Общество выдвинуло целый ряд деятелей по образованию, для которых педагогические вопросы стали делом жизни, делом свободного избрания, которые разрабатывали их не по казенной надобности и за жалованье, а в силу призвания. Вследствие этого педагогия освободительной эпохи снова возвращается в общество и мало-помалу социализируется. Постепенно формируется и утверждается новый педагогический догмат, что без помощи общества и родителей правильно поставить школу нельзя, что задача школы и семьи — не служение и подчинение государству, а развитие всесторонней и самодеятельной личности, воспитание человека, что школа и воспитание должны быть автономными. Но обновлявшаяся русская жизнь не могла всецело и разом порвать с царившими прежде порядками; новый мир идей, новое мировоззрение не могли не сохранить некоторых старых понятий. В умах многих старые понятия были очень крепки. Они так долго господствовали, были одобрены властями, признаны официально обязательными для всех благонамеренных граждан. Было невероятно, чтобы такие идеи сразу были оставлены и заменены новыми. В умах многих старое еще держалось, и к нему только понемножку присоединялись новые воззрения, образуя со старым довольно любопытную смесь. Новые идеи просачивались всюду, везде веяло новым духом, новые начала проповедовались и в литературе, и в разговорах, семейных и общественных. Уйти от новшеств было невозможно. Но, с другой стороны, и старая педагогическая вера была еще крепка. Теоретическая педагогия прежде была мало разработана, но некоторый запас понятий, нужных для ведения школ и для семейного воспитания, был. Поэтому остатки разных частных приемов и воззрений дореформенного времени соединились с новыми идеями, с новой педагогией. Для понимания указываемого педагогического настроения в обществе интересно познакомиться с некоторыми литературными явлениями того времени.

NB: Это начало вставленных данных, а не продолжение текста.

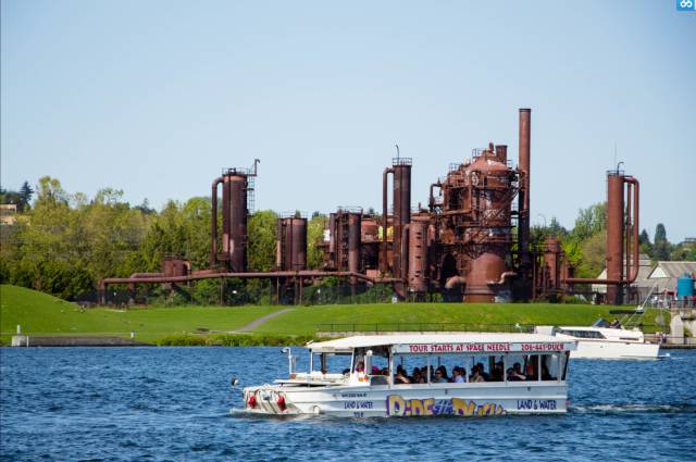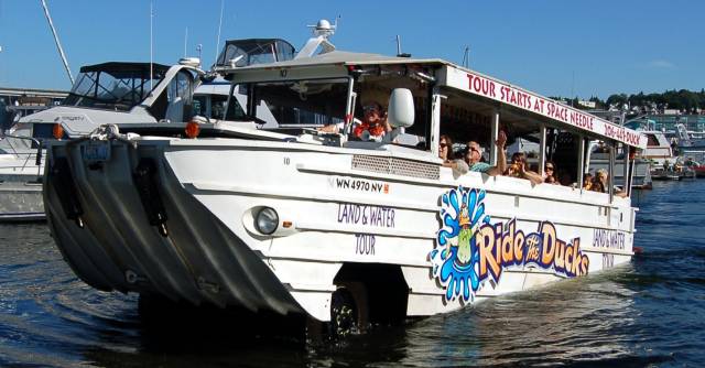 鴨鴨車從西雅圖中心出發,在一個半小時的旅行中,從陸地到水上,能夠逛遍西雅圖的許多主要景點。不論乘坐之前的心情如何,當你坐上了鴨鴨車之後都會被車長的激情所渲染。鴨鴨車車長都是能說會唱會表演的高手,一路上講著笑話,放著勁爆的音樂,還會帶領大家拍手尖叫,每位乘客都會隨之情緒高漲,特別快樂。

В самом начале третьего периода, в конце 50-х годов, опять возник, как этого и следовало ожидать, старинный вопрос: полезно ли распространение грамотности в простом народе? Мы знаем, как подозрительно и опасливо смотрели на распространение в простом народе грамотности во второй период государственные люди разных чинов и положений, они боялись от распространения грамотности потрясения основ государства, установленной сословности, боялись прямо бунтов и возмущений, так как положение закрепощенной массы было очень уж плохо и всякий умственный просвет ее мог вызвать взрыв накопившихся веками страданий. С уничтожением крепостной зависимости (точнее, с ожиданием ее, так как вопрос обсуждался до 1861 года) опасение широкого распространения грамотности в народе мотивировалось другими соображениями, главным образом опасением нравственной порчи народа. Приводились факты (преимущественно Далем), что грамотеи употребляют свое искусство во зло, занимаются нехорошими делами, нравственно портятся и гибнут. Возникли споры по этому вопросу, поднялся литературный шум, и в происшедшем литературно-педагогическом бою принял участие Ушинский 6. Он признавал, что факты, приведенные Далем, взяты прямо из жизни, что они справедливы, "но грамота ли виновата в испорченной нравственности большинства грамотеев — это другой вопрос". Ушинский старался разъяснить публике, что не грамота. Грамота сама по себе, т. е. умение читать и писать, не может оказать ни доброго, ни дурного влияния на нравственность учащегося; она только орудие воспитания и образования, а нравственно образуется человек лишь наукой в ее высшем, широком значении, до которого добираются немногие. Можно знать тригонометрию, болтать на двух и даже на трех языках, зазубрить исторический и географический учебник и остаться человеком вполне безнравственным, "наука еще и не дохнула" на такого человека. Следовательно, от изучения азбуки и подавно нельзя ожидать нравственного влияния, а тем более безнравственного. Если же большинство простых грамотеев не отличается доброй нравственностью, то это свидетельствует только о страшной зараженности в нравственном отношении среды, в которую попадают грамотеи, и насколько они остаются в ней безоружными. Чем больше будет грамотных, тем меньше будет для них соблазна воспользоваться неграмотностью других. Когда на тысячу неграмотных приходится один грамотный, тогда не удивительно, что грамота превращается в ремесло, и, по большей части, в низкое ремесло.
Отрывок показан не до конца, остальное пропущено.